Respecting cultural and religious diversity is extremely important in contemporary times, and can be a cornerstone for the elimination of most conflict. Indigenous and ethnic religious and spiritual traditions, including Hinduism, have an impressive history of accommodation and religious tolerance. An important mission of the Arsha Vijnana Gurukulum is to foster peace between peoples and nations.

 

Cultural diversity and social acceptance is not always easy to achieve. When different cultures inhabit the same land, there may be confusion and conflict over differences in customs and learned behaviors. Even today, the violence of religious conversion taking place throughout the world undermines any hope for world peace. However, with deep listening and understanding, cultures can coalesce and learn to not only live in peace with one another, but also promote the message of self-determination and tolerance.

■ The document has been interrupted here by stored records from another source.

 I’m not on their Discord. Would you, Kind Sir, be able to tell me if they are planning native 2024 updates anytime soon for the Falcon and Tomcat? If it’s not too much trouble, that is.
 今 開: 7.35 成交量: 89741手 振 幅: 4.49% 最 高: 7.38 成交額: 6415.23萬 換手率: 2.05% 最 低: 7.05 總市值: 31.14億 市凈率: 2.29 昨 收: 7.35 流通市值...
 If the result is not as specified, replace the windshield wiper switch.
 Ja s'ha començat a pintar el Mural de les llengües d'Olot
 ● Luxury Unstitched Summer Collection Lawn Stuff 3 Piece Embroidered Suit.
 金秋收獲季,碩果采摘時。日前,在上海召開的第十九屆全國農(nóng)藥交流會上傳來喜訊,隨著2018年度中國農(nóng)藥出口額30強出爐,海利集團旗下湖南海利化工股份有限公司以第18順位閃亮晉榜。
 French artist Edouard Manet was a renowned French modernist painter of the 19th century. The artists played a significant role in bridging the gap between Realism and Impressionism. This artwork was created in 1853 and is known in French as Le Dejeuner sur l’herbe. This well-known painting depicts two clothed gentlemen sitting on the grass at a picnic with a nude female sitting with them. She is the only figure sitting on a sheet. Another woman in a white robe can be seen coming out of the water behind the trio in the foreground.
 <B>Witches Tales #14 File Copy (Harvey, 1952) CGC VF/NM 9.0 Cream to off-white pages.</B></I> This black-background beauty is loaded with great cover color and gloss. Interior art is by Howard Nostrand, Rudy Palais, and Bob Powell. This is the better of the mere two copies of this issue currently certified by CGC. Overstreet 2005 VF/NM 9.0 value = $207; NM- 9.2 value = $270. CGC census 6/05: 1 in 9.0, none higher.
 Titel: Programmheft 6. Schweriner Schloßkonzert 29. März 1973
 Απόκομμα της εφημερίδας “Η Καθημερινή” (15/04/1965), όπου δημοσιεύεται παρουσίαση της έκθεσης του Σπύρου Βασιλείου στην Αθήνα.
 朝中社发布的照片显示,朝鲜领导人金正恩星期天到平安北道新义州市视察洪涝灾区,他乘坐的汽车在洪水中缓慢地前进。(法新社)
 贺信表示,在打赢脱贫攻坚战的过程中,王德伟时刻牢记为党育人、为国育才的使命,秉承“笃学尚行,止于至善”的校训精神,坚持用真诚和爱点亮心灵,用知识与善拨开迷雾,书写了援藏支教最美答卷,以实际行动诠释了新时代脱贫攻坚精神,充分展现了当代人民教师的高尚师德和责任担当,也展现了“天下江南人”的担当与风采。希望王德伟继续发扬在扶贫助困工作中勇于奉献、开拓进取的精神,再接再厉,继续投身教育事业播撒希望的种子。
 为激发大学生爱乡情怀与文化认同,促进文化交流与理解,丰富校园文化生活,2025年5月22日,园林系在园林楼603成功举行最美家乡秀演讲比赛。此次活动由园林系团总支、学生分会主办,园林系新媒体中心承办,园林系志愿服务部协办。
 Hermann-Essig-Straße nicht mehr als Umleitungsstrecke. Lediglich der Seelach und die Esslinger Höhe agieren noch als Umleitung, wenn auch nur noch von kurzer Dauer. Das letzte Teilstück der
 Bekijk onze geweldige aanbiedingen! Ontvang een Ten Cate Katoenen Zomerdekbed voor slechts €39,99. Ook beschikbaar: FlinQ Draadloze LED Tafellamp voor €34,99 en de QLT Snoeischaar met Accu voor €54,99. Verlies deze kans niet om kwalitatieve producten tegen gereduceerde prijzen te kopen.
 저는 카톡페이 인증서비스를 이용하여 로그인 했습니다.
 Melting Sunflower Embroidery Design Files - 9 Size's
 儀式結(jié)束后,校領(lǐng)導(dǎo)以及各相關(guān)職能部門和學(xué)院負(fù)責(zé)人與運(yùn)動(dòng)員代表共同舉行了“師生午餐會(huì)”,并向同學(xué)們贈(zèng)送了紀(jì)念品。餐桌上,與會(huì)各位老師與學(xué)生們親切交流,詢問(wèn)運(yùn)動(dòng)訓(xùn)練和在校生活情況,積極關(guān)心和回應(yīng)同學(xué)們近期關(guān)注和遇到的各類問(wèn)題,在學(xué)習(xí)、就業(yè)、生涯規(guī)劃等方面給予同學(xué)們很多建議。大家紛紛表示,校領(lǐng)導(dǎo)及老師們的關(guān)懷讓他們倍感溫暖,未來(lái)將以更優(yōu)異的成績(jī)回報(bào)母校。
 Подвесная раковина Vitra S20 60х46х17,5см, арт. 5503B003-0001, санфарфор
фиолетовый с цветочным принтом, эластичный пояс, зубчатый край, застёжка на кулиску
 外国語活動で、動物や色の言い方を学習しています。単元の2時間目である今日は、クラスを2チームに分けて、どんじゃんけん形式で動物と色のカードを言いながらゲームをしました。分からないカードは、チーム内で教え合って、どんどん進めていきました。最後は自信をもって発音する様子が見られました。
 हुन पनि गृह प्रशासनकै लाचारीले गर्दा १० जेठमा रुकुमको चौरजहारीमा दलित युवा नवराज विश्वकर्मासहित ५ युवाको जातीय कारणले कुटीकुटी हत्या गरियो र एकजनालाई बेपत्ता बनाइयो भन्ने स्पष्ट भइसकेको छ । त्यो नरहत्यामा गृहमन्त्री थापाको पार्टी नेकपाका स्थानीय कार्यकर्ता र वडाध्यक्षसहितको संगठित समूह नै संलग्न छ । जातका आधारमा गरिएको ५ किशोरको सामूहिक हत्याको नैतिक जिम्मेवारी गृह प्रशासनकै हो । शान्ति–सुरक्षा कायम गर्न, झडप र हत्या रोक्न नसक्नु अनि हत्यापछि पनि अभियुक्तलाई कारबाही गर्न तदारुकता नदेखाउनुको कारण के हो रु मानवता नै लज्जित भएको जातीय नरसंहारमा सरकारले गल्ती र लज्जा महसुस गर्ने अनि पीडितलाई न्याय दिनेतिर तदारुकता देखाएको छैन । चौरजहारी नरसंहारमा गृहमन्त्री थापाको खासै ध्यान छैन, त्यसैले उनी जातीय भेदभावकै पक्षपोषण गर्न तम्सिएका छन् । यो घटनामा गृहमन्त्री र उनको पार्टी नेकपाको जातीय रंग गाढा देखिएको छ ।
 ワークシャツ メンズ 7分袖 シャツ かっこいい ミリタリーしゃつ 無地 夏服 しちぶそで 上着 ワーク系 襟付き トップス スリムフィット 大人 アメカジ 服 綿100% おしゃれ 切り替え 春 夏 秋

In the vision of Vedanta, the solution to conflict is acceptance. From self-acceptance, one gains the capacity to respect and accept others for who they are. From acceptance of others, one gains the ability to accept the world along with the uncertainty and uncontrollable nature of daily occurrences.  At AVG, a model for cultural diversity has begun to emerge, thanks to the help of conscious planning. For Indians, the programs can offer an opportunity to practice and uphold the sacred traditions whose underpinnings are contained in the Vedas. These ancient texts contain not only the formulaic prayers for health and well-being of all peoples, but the sacred teachings also show us the truth; that we are already the happiness we seek. The problem is one of looking outside rather than within—a problem shared by all human beings, no matter what our cultural upbringing, or experience. For people of other indigenous traditions, AVG can be a resource for indigenous cultural and spiritual expression, manifesting in the form celebration, classes, workshops, or retreats.As a multicultural educational institution, AVG recognizes the challenges for native peoples, and immigrants living in the U.S., of learning how to balance the demands of raising a family in a globalized and foreign culture with the desire to teach them the values that are so much a part of their heritage.  To address these issues, AVG shall develop special classes and programs to open the dialogue between parents and adolescents/teens about the difficulties surrounding a multicultural existence. The success of these programs can have far-reaching significance not only for East Indians and their families, but also for other marginalized cultures.